We’re met at the moment I’m trying to lookin’ for romance. With no hopes and.. sincerity to let everything flow just like water. But still, inside, I wish I could find a man who wanted me and draw romance on our white and clean canvas, together.
So, without telling myself that you’re potential (cause after I stated that you have such potential, you become more interesting — yes, you are). You had a good and smart personality. The way you talk is like an educated man that half of me whos always wanted.
We could talk like best friend — of course, you’re trying to make it works, at the beginning. Cause yea, “p” things. Sure, I knew that you were interested in my body and mind but about my heart, not me as a whole person.
I’ve said to you that I wanted a romance, and you said that you’re afraid of it — you wanted it to be casual. And I don’t know why, there was a time I told you to meet up, to enjoy the night together.
You always talk like a gentle responsible man. As I remembered, yes, that’s not for my needs — but yours.

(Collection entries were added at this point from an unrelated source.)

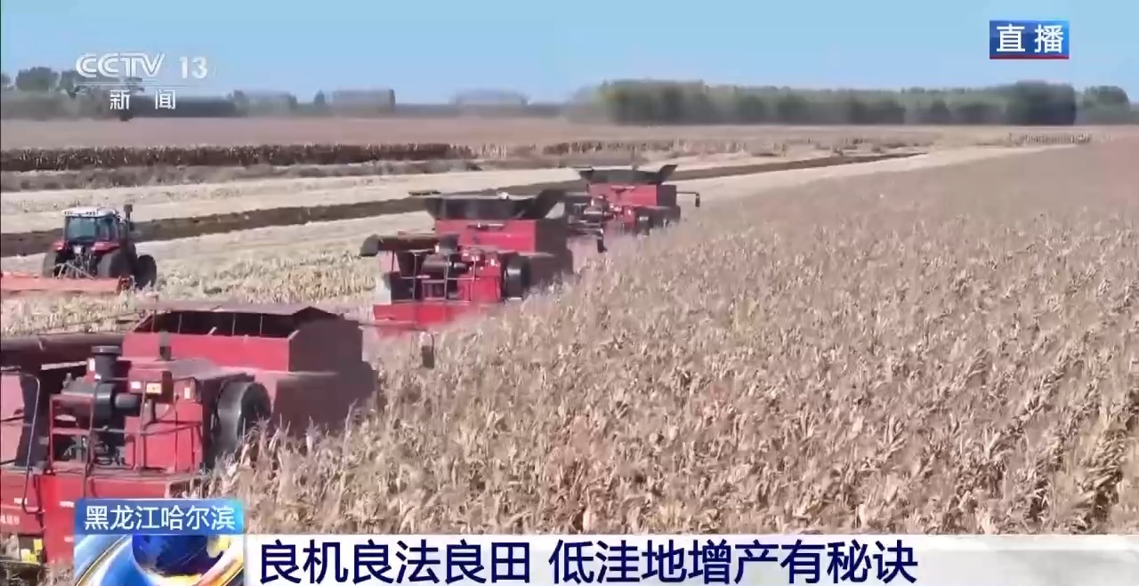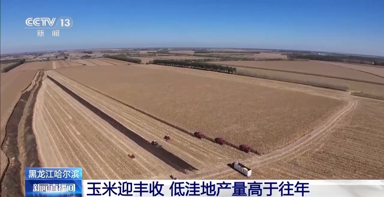 在哈尔滨市双城区西官镇创勤村,一片2000亩的玉米地有3台大型联合收割机正在作业,还有灭茬机车和翻地机车对刚收获完的地块进行作业。据农技人员介绍,今年气候条件适宜、降水适中,玉米普遍迎来了丰收。以当地一处偏低洼的地块为例,由于地势偏低、易涝,过去玉米平均亩产在1450斤左右。但是,今年情况有所不同,地势低洼的玉米长势也非常好,目前玉米的含水量在30%左右,亩产预计能达到1800斤左右,比过去高出300多斤。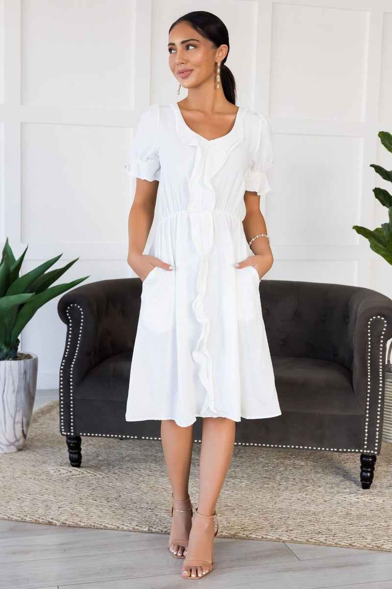 The new Maria Kate dress will be nothing but darling on you! The beautiful white is a perfect addition to any wardrobe! We are so in love with the soft v-neck and front ruffled detailing, short puff sleeves, elastic waistline, pockets and perfect length skirt! Grab yours today!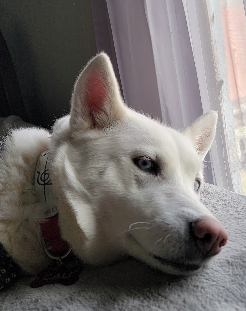 Cali is a Seizure alert dog, she is trained to alert Andrew if he has a potential of a seizure. She is also trained to help carry gear, help with balance, and if Andrew is incapable of walking due to a seizer she is trained to find help and bring them back to Andrew.

Ex: you said we need to use a condom while we’re having sex it’s because you don’t want to have kids that way. Do you ever ask me how I feel while I’d have sex without feelings? I don’t think I could. Part of me wanted sex for about 45%, and the rest 55% I wanted to be loved.
After several weeks we get close, and now, everything seems like not worthy, useless.

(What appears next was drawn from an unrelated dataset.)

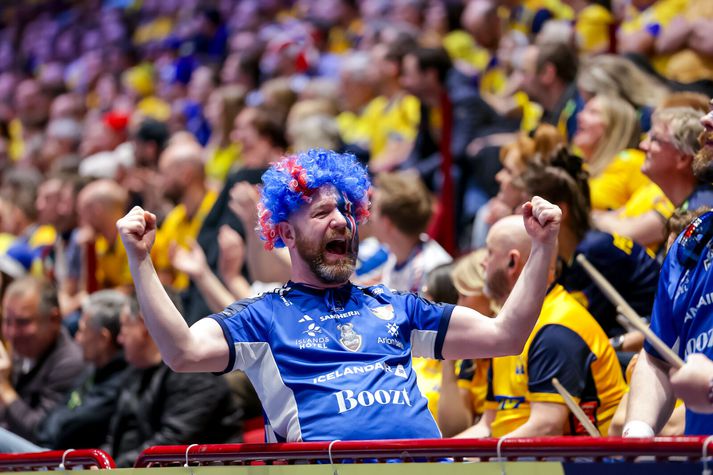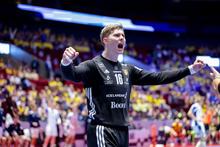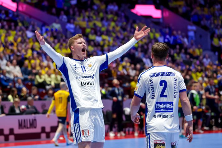 Ísland, Svíþjóð og Slóvenía komu öll með tvö stig með sér úr riðlakeppninni og hafa öll þrjú náð í tvö stig af fjórum mögulegum í fyrstu tveimur leikjum sínum. Króatar komu stigalausir inn í milliriðlinn en hafa unnið báða leiki sína í milliriðlinum. Ýmir Örn Gíslason fór á kostum í ótrúlegri vörn Íslands í gær. Vörn skilar titlum, segir einhvers staðar.VÍSIR/VILHELM Ef að lið enda jöfn að stigum er farið eftir árangri í innbyrðis leikjum þeirra liða, til að ákveða í hvaða sæti þau enda. Hins vegar er það þannig, samkvæmt reglum EHF um Evrópumótið, að þangað til að öllum leikjum í milliriðlakeppninni lýkur þá er liðum EKKI raðað eftir innbyrðis úrslitum heldur eftir heildarárangri. Stórsigur Íslands í gær kemur liðinu því á toppinn í riðlinum einfaldlega vegna þess að liðið er með bestu heildarmarkatöluna, eða +8. Svíþjóð er með +4, Slóvenía +2 og Króatía -3. Staða Íslands líka góð innbyrðis Þegar síðustu tveimur umferðunum lýkur verður hins vegar horft til innbyrðis úrslita og liðunum raðað eftir þeim. Ef miðað væri við þau núna þá væri Ísland í 2. sæti og Svíþjóð á toppnum. Tvö efstu liðin komast í undanúrslit. Svíar standa nefnilega best að vígi þegar innbyrðis úrslit úr leikjum Íslands, Svíþjóðar, Slóveníu og Króatíu eru skoðuð. Þeir hafa unnið bæði Slóveníu og Króatíu, en tapað gegn Íslandi, og eru því einir með fjögur stig úr þessum innbyrðis leikjum. Þeir eru líka eina liðið sem er búið með alla þrjá leiki sína innbyrðis við þessi lið. Gísli Þorgeir Kristjánsson réðist á sænsku varnarmennina hvað eftir annað og var eflaust í martröðum þeirra í nótt.VÍSIR/VILHELM Íslendingar og Króatar eru síðan með einn sigur og eitt tap en Slóvenar án stiga því þeir töpuðu á móti Svíum og hafa ekki spilað við hinar tvær þjóðirnar. Slóvenía er því sem stendur neðst í innbyrðis stigatöflu þessara fjögurra liða með núll stig út úr leikjum við hinar þrjár þjóðirnar. Ísland stendur vel að vígi í innbyrðis stigatöflunni eftir þennan átta marka stórsigur á Svíum í gærkvöld og aðeins eins marks tap fyrir Króötum. Ísland er því með +7 í innbyrðis markatölunni. Viktor Gísli Hallgrímsson stóð heldur betur fyrir sínu í gær og fagnar hér markvörslu gegn Svíum.VÍSIR/VILHELM Svíar eru með +4 í innbyrðis markatölu (+8 marka sigur gegn Króatíu, +4 marka sigur gegn Slóveníu, -8 marka tap gegn Íslandi) en yrðu með 0 í markatölu ef Slóvenía dytti út úr pakkanum. Króatar eru síðan með -7 eftir eins marks sigur á Íslandi og átta marka tap fyrir Svíum, og þurfa að treysta á fleira en eigin úrslit til að komast í undanúrslitin. Stuðingsmenn Íslands fóru á kostum eins og leikmennirnir í Malmö í gær.VÍSIR/VILHELM Allar þjóðir eiga eftir að spila tvo leiki í þessum milliriðli og það á því mikið eftir að gerast enn þá en það stefnir samt í það að þessi stórsigur á Svíum gæti komið sér afar vel þegar þessi milliriðill er gerður upp.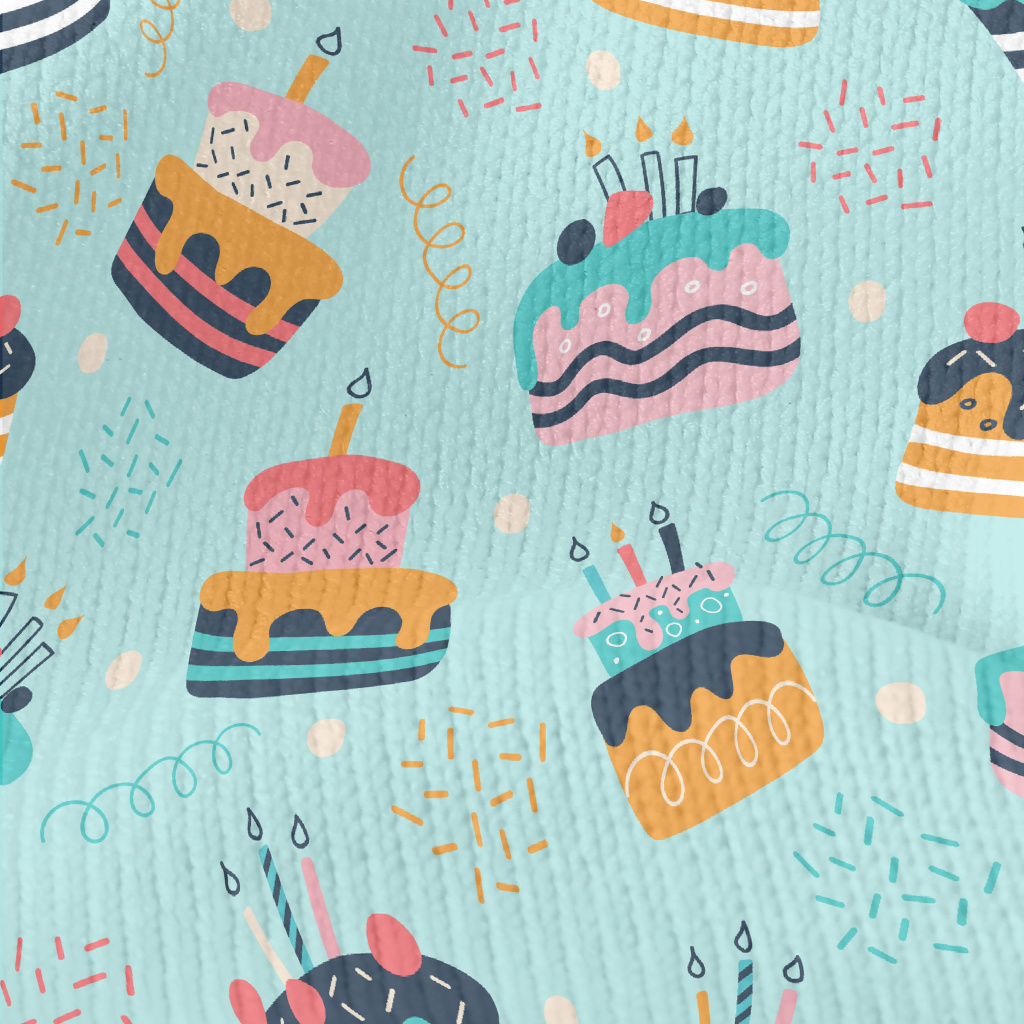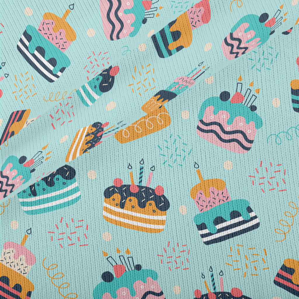 彩色生日蛋糕和線條仿毛衣布(幅寬150公分)

What I said the first time before we enter this kind of relationship (bswb: best friend with benefit — you named it) is, “If we never try how will we know”, These words don’t even need to be proven because… I think no more interest in you, for me. And that’s ok.
I’m born to feel this way. Later I’m sure I’ll realize that I must give myself rest of mind — of thinking about romance. Cause I was born alone, and sure I’ll die alone.
Ironically, I miss you.
After the words I write above, I still could say that “I miss you”. I miss the way we’re trying to be there for each other. I miss the way we talk about nonsense. I miss the way you were angry about your job. I miss the way I’m hoping you and you were there, trying your best to be my bestie — maybe because you wants any “benefits”.
Since you’re my bestie, I won’t push you to the wall on trying to make us a couple. I’ll support your decision by trying to not chat you regularly. It’ll help, I guess.
I wish the best for you, by trying to eliminate even the small feelings for you. And I wish for my mental health, to survive, to be brave and chill.
Longlast relationship is about to find the right person at the right time.
I’ll enjoying myself, repres my emotions while everything is about you, And move on slowly.